Dass sich erst unter Gebrauch von Rechtsmitteln ein solcher Erfolg einstellt, wird letztlich leicht nachvollziehbar, wenn man berücksichtigt, weshalb ein Reichsbürger typischerweise immer neue evident aussichtslose Anträge gegen eine Gemeinde einreicht: Wir gehen davon aus, dass sein Motiv von vornherein weniger darin besteht, tatsächlich Recht zu bekommen; vielmehr spekuliert ein Reichsbürger häufig darauf, dass die Behörde ab einem gewissen Punkt resigniert und ihre Verfahren gegen ihn einstellt, um sich der Belastung durch seine renitenten Erwiderungen zu entziehen. Als weitere Erklärung erscheint es plausibel, dass Reichsbürger (Schaden?-)Freude an der schikanösen Auseinandersetzung mit Behörden empfinden und deshalb anders als die betroffenen Sachbearbeiter ein großes Interesse daran haben, die Korrespondenz fortzusetzen oder auszuweiten.

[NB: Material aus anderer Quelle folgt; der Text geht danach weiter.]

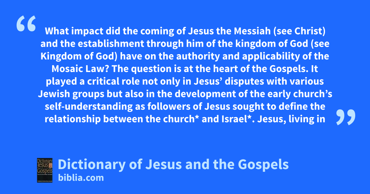 What impact did the coming of Jesus the Messiah (see Christ) and the establishment through him of the kingdom of God (see Kingdom of God) have on the authority and applicability of the Mosaic Law? The question is at the heart of the Gospels. It played a critical role not only in Jesus’ disputes with various Jewish groups but also in the development of the early church’s self-understanding as followers of Jesus sought to define the relationship between the church* and Israel*. Jesus, living in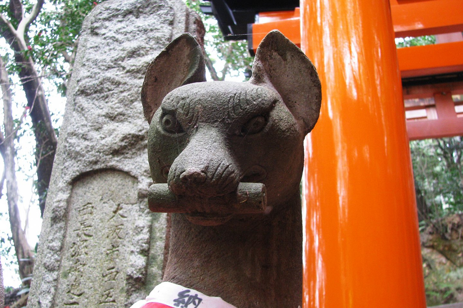 Trên đường đi, bạn sẽ thấy hang trăm bức tượng cáo làm từ đá, nhưng nổi bật nhất là các tượng cáo đứng gác ở cổng chính của điện thờ. Trong tôn giáo Shinto, con cáo được coi là một sứ giả của Inari, giải thích lý do tại sao có nhiều tượng cáo trên khắp khuôn viên đền thờ. Những con cáo này giữ trong miệng của chúng các vật tượng trưng, thường là chìa khóa hoặc một cuộn giấy. Mỗi một trong những vật phẩm này đại diện cho một điều ý nghĩa đối với các vị thần. Chìa khóa đại diện cho khả năng những con cáo này phải mở khóa một vựa lúa. Một cuộn giấy có nghĩa cáo ở đây để mang lại sự khôn ngoan cho người nhận. Ngoài ra còn có cây tre có nghĩa là một vụ mùa bội thu, và một quả cầu tượng trưng cho sức mạnh tâm linh.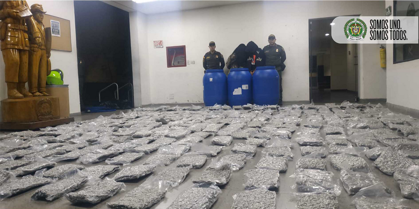 El hecho se presentó en una casa ubicada en la calle 75 con carrera 42 del barrio El Carmelo de Itagüí, donde los uniformados encontraron tres canecas azules, en las cuales estaban camuflados un total de 187 kilos de marihuana cripy, distribuida en 374 bolsas de 500 gramos cada una.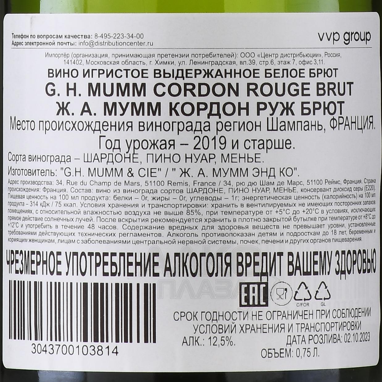 Шампанское белое брют Champagne G.H. Mumm Cordon Rouge Brut 0,75 л создается в регионе Шампань, где виноградники расположены на известняковых и меловых почвах. Такой терруар обеспечивает лозам оптимальный баланс влаги и минералов. Культура виноградарства здесь уходит корнями в античность, а само хозяйство основано в середине XIX века. Для винификации используют три классических сорта, собранных с участков, расположенных в Монтань-де-Реймс, Кот-де-Блан и Валле-де-ла-Марн. Урожаи последних десятилетий отличались стабильным климатом: прохладное лето, достаточное количество осадков и солнечные дни в период созревания ягод позволяли получить виноматериалы высокого качества. После вторичной ферментации бленд выдерживался в погребах не менее 30 месяцев, что значительно превосходит минимальные требования региона. Это придало напитку глубину и структурность. Знаковая красная лента на бутылке символизирует Орден Почетного легиона и представляет собой узнаваемый элемент бренда.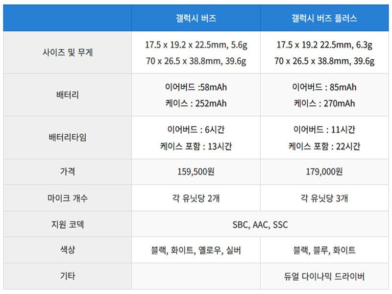 우선 갤럭시버즈 와 갤럭시버즈플러스 비교 스펙!!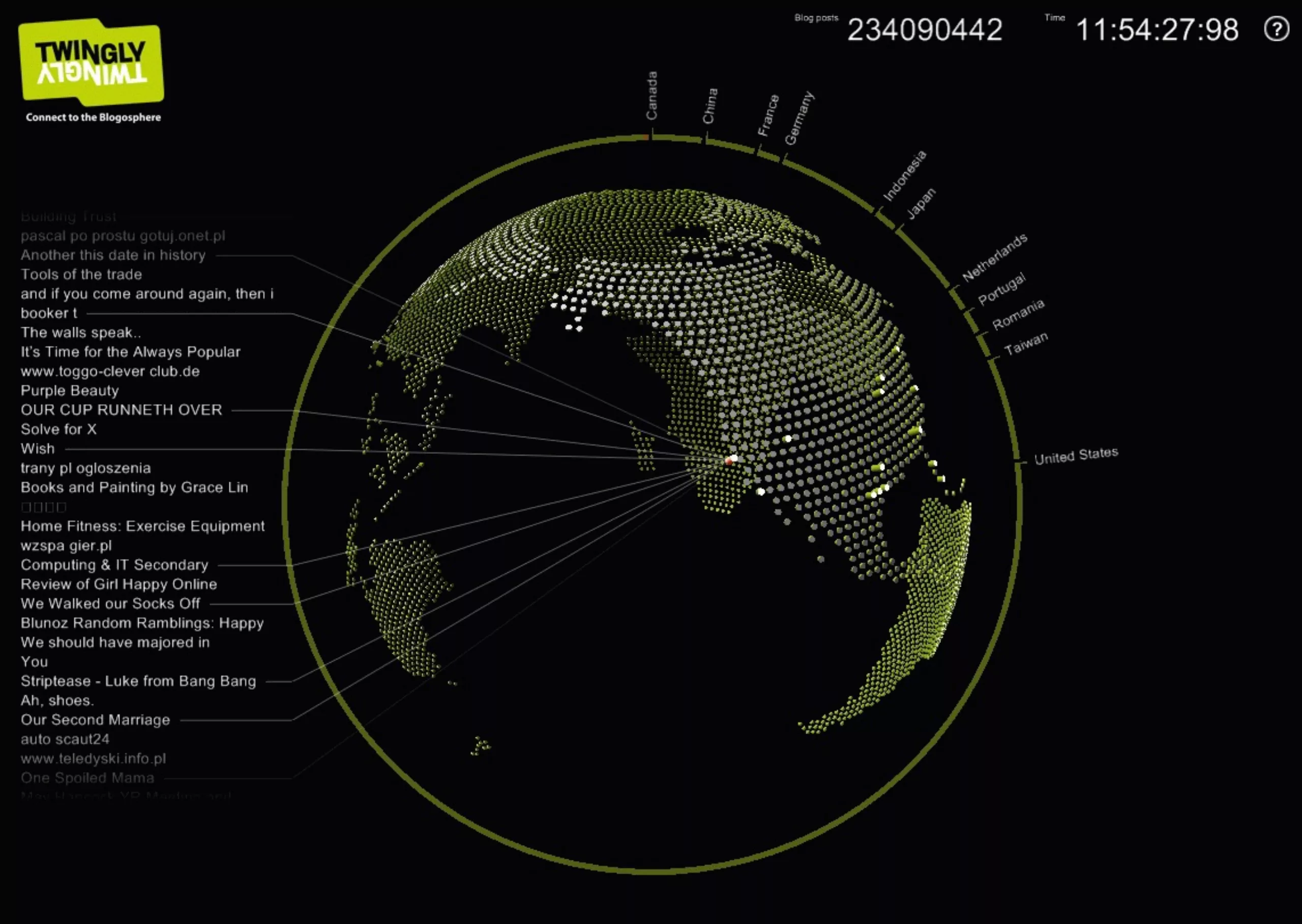 Twingly cartographie l’activité globale en temps réel de la blogosphère sur une vue tridimensionnelle du globe terrestre. Les messages postés sur les blogs sont représentés par des barres verticales au-dessus des continents.
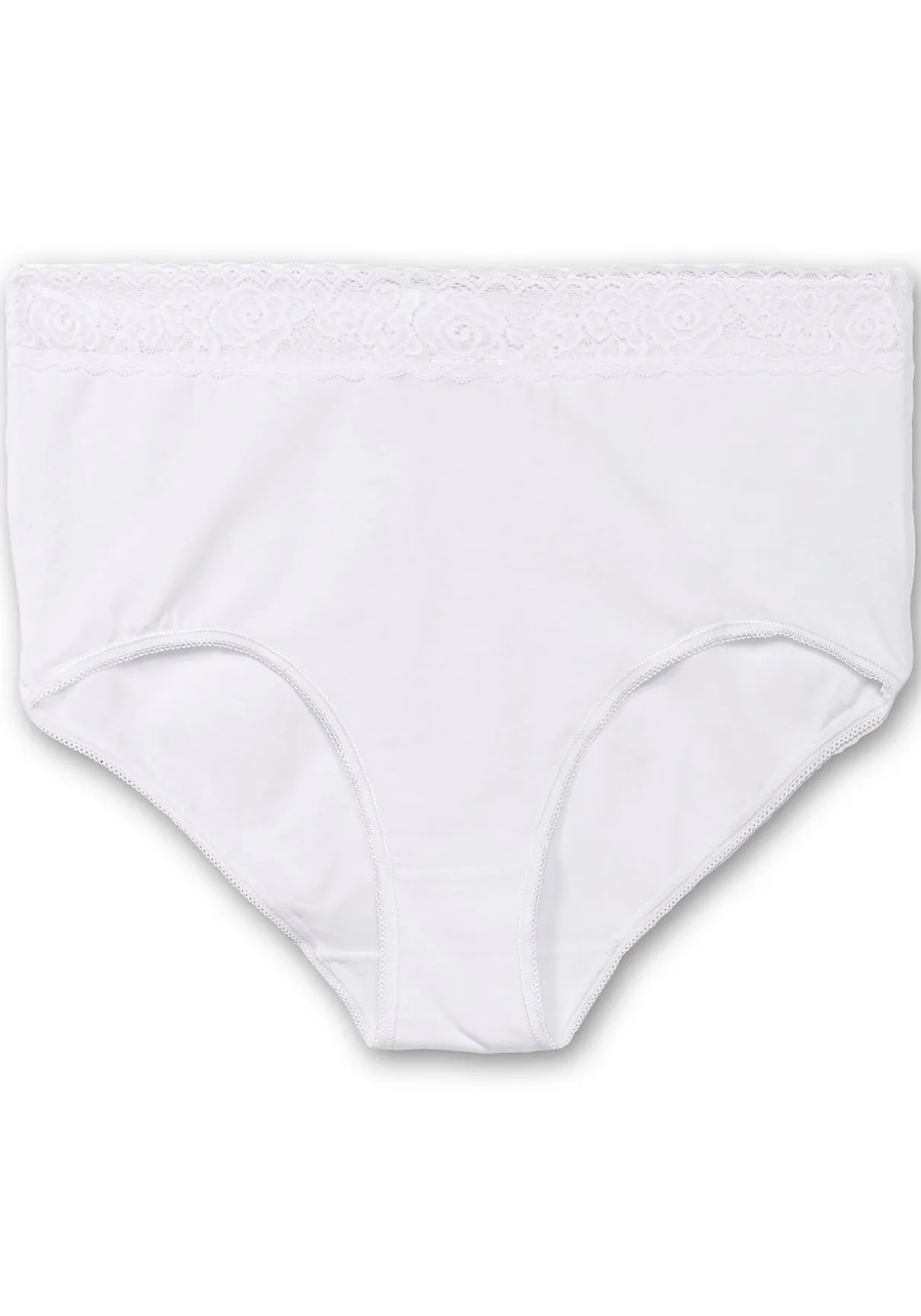 Taillenslips im praktischen Viererpack von wäschepur. Für eine feminine Note sorgt der breite Bund aus elastischer Spitze. Auch die Beinabschlüsse sind elastisch gearbeitet und dadurch sehr tragekomfortabel.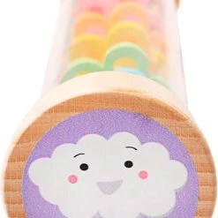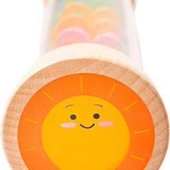Bigjigs houten rainmaker regenmaker. Draai deze houten regenmaker om en zie de kraaltjes zachtjes naar beneden vallen. De zachte regendruppelgeluiden geven de kleine een fijn gevoel. De verdiepingen in de regenmaker hebben vrolijke kleuren net als de kralen. De zijkanten van de regenmaker zijn bedrukt met een wolkje en een zonnetje . De regenmaker is ook te gebruiken als een rammelaar. Geschikt vanaf 1 jaar.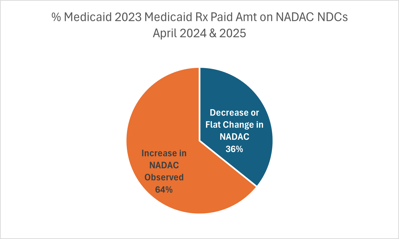 Generic drugs are generally cheap (as demonstrated by an average NADAC per Rx of approximately $11 or an average Medicaid payment per Rx of approximately $20 per Rx). As a result, a 3% increase in generic NADAC costs from April 2024 to April 2025 means that what previously was $10.92 is now $11.27; or $0.36 more expensive per prescription (can you break a dollar?).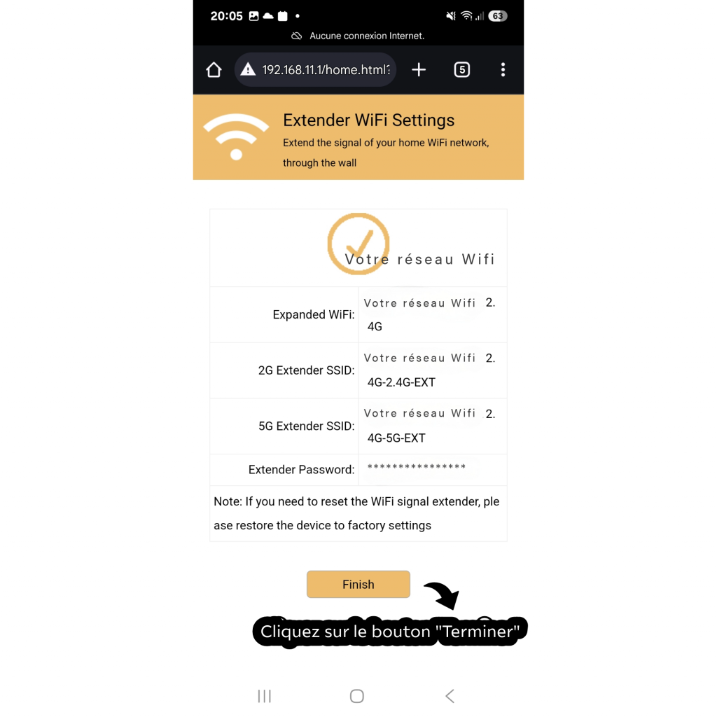 Étape 5 : La configuration du mode Répéteur est désormais terminée.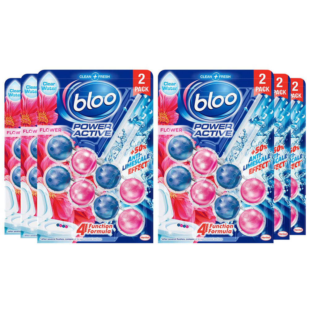 Make your loo the best seat in the house with a boost of floral scent flush after flush. Bloo Power Active Fresh Flowers Toilet Rim Block is an innovative rim block which combines design and function in one. A hygienically clean and fresh toilet with every flush. Every ball is loaded with a perfumed core that has 40% more fragrance freshness vs the outer shell, giving a boost of fragrance from the first to the last flush. Safe for use in septic tanks. With its unique Bloo 4 functions formula, Bloo Power Active prevents limescale and provides cleaning foam, dirt protection and extra freshness for your toilet. 100% anti-limescale to keep the loo hygienically clean in between deep cleans and a strong foaming action preventing dirt and grime Simply place the product on the rim of your toilet, adjust it to the water flow and experience boosted freshness and cleanliness with every flush. Fresh and clean: Let Bloo rim blocks give you a hygienically clean and fresh look as well as a burst of fragrance from this toilet cleaner block with every flush Toilet limescale remover: This Bloo rim block creates a strong foaming action to prevent dirt and limescale, keeping the loo hygienically clean in between deep cleans Air freshener effect: Every ball in this toilet freshener is loaded with a perfumed core that has 40% more fragrance freshness when compared to the outer shell Long lasting: Each rim block lasts up to 240 flushes and contains a premium fragrance blend to keep your toilet smelling and looking its best Product details: Bloo Power Active Fresh Flowers Toilet Block. Fresh Flowers fragrance with air freshener effect. Pack of 1 (50g). Lasts up to 240 flushes Box Contains: 6 Pack of Bloo Power Active Flower Toilet Rim Blocks, 2x50g.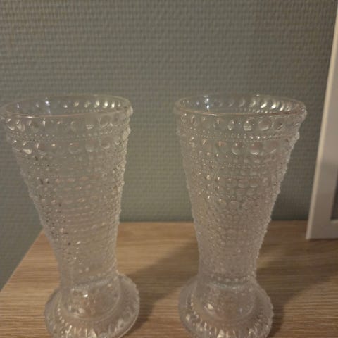 Viisi kirkasta kastehelmen kynttilänjalkaa/maljakkoa 30 € KPL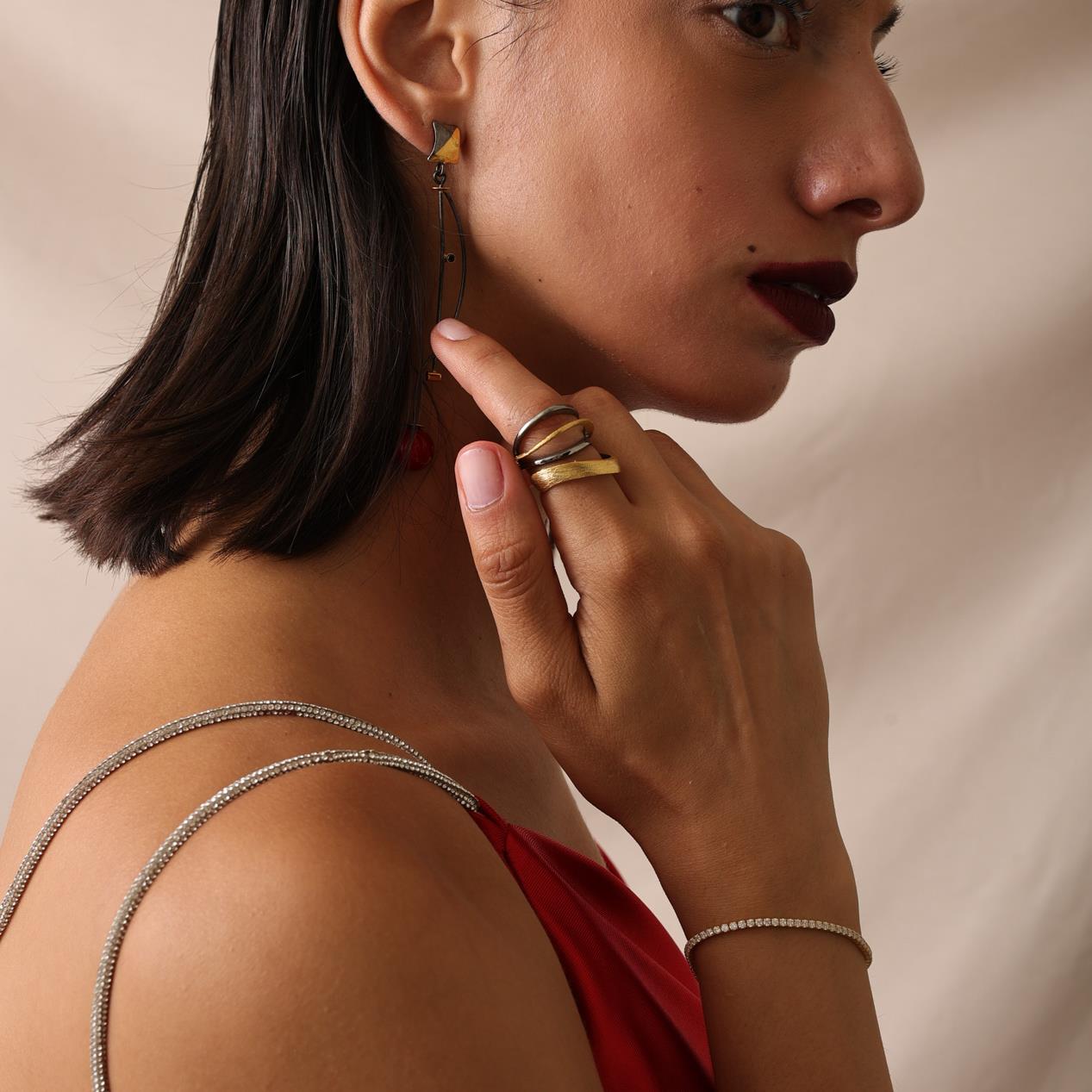 139.00 € inkl. Mwst.Dieser elegante handgefertigte Wickelring für Damen vereint schlichtes, zeitloses Design mit hochwertigen Materialien. Gefertigt aus 925er Sterling Silber, vergoldetem 14 Karat Messing und veredelt mit schwarzem Rhodium, setzt der Ring einen stilvollen und dezenten Akzent.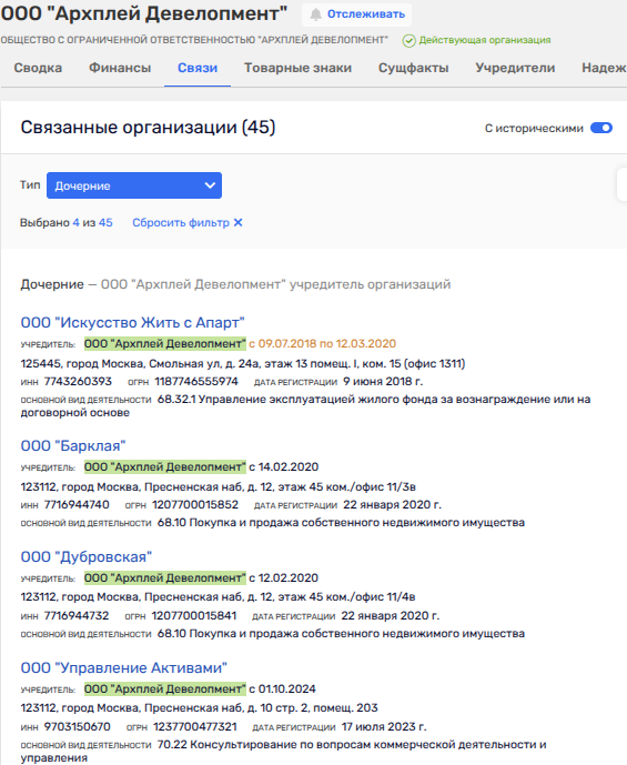 В свою очередь ООО «Архплей Девелопмент» владеет долями в трёх компаниях - ООО «Барклая», ООО «Дубровская» и ООО «Управление Активами». Последнее с апреля 2025 года владеет свежеучрежденным ООО «Экселенс», которое в свою очередь имеет долю в ООО «Силикатный Плаза», что выкуплено у дивизиона Интеррос олигарха Потанина.

Wenn die adressierten Mitarbeiter also auf Anfragen des Reichsbürgers reagieren, kommt dies zumindest mittelbar seinem eigentlichen Ziel entgegen, statt Abhilfe zu schaffen. Die Aussichtslosigkeit seiner Bemühungen wird dem Reichsbürger indes nur aufgezeigt, wenn er gar nicht mehr zu seinen „Opfern“ innerhalb der Stadtverwaltung durchdringt, sondern fortan auf die Korrespondenz mit Rechtsanwälten und Gerichten verwiesen ist. Spätestens eine Unterlassungsverpflichtung unter Androhung eines Ordnungsgeldes vergegenwärtigt auch Reichsbürgern, dass sie besser beraten sind, unnötige Konflikte mit ihrer Kommune zu vermeiden.

Vor diesem Hintergrund ist betroffenen Gemeinden zu empfehlen, frühzeitig Rechtsmittel gegen Reichsbürger einzusetzen, sobald sich zeigt, dass sich die Auseinandersetzung bilateral nicht beilegen lässt.